→ Materials provided
__________
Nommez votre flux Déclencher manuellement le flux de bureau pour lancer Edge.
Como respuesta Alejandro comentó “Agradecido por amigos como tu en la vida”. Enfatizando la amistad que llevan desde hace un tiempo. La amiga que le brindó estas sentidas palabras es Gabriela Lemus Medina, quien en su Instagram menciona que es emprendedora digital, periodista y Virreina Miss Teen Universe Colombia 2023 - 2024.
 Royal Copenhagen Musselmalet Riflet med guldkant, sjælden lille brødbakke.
__________
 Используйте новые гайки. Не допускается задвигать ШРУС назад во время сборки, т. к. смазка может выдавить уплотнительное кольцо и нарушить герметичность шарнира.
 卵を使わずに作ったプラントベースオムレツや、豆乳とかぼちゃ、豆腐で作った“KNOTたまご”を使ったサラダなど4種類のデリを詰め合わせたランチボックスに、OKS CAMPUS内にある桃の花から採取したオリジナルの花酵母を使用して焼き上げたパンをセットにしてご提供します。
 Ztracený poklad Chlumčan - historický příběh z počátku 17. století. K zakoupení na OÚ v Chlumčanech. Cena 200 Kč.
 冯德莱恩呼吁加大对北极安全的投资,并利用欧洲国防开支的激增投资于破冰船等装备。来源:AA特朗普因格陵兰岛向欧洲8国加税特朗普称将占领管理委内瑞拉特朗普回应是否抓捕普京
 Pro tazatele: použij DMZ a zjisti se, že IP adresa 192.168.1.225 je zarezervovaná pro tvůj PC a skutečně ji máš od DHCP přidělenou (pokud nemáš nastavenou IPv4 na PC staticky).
__________
Print again the lines of the entries above that fall between the line holding "冯德莱恩呼吁加大对北极安全的" and the line holding "Pro tazatele: použij", inclusive, exactly as they stand.

→ Solved problem
 冯德莱恩呼吁加大对北极安全的投资,并利用欧洲国防开支的激增投资于破冰船等装备。来源:AA特朗普因格陵兰岛向欧洲8国加税特朗普称将占领管理委内瑞拉特朗普回应是否抓捕普京
 Pro tazatele: použij DMZ a zjisti se, že IP adresa 192.168.1.225 je zarezervovaná pro tvůj PC a skutečně ji máš od DHCP přidělenou (pokud nemáš nastavenou IPv4 na PC staticky).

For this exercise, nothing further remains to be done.